8. Noteworthy as a man and a thinker is a younger contemporary of Abu-l-Hudhail’s, and apparently a disciple of his, commonly called Al-Nazzam, who died in the year 845. A fanciful, restless, ambitious man, not a consistent thinker, but yet a bold and honest one,—such is the representation of him given us by Djahiz, one of his pupils. The people considered him a madman or a heretic. A good deal in his teaching is in touch with what passed among [[52]]the Orientals as the Philosophy of Empedocles and Anaxagoras (Cf. also Abu-l-Hudhail).

In the opinion of Nazzam God can do absolutely no evil thing; in fact he can only do that which he knows to be the best thing for his servants. His omnipotence reaches no farther than what he actually does. Who could hinder him from giving effect to the splendid exuberance of his Being? A Will, in the proper sense of the term,—which invariably implies a need,—is by no means to be attributed to God. The Will of God, on the contrary, is only a designation of the Divine agency itself, or of the commands which have been conveyed to men. Creation is an act performed once for all, in which all things were made at one and the same time, so that one thing is contained in another, and so that in process of time the various specimens of minerals, plants and animals, as well as the numerous children of Adam, gradually emerge from their latent condition and come to the light.

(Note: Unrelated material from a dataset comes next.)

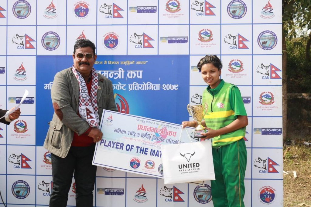 कविता जोशी १५ बलमा ४ चौका र २ छक्कासहित ३२ रनमा अविजित रहिन् । मधेशकी साना प्रविन र भूमि सिंहले एक एक विकेट लिए ।

Nazzam, like the philosophers, rejects the theory of atoms (v. [II, 3 § 12]), but then he can only account for the traversing of a definite distance, by reason of the infinite divisibility of space, by postulating leaps. He holds bodily substances to be composed of ‘accidents’ instead of atoms. And just as Abu-l-Hudhail could not conceive of the inherence of attributes in an essence, so Nazzam can only imagine the accident as the substance itself or as a part of the substance. Thus ‘Fire’ or ‘the Warm’, for instance, exists in a latent condition in wood, but it becomes free when, by means of friction, its antagonist ‘the Cold’ disappears. In the process there occurs a motion or transposition, but no qualitative change. Sensible qualities, such as [[53]]colours, savours and odours, are, in Nazzam’s view, bodies.

Even the soul or the intellect of Man he conceives to be a finer kind of body. The soul, of course, is the most excellent part of man: it completely pervades the body, which is its organ, and it must be termed the real and true Man. Thoughts and aspirations are defined as Movements of the Soul.

In matters of Faith and in questions of Law Nazzam rejects both the consensus of the congregation and the analogical interpretation of the Law, and appeals in Shiʻite fashion to the infallible Imam. He thinks it possible for the whole body of Muslims to concur in admitting an erroneous doctrine, as, for instance, the doctrine that Mohammed has a mission for all mankind in contradistinction to other prophets. Whereas God sends every prophet to all mankind.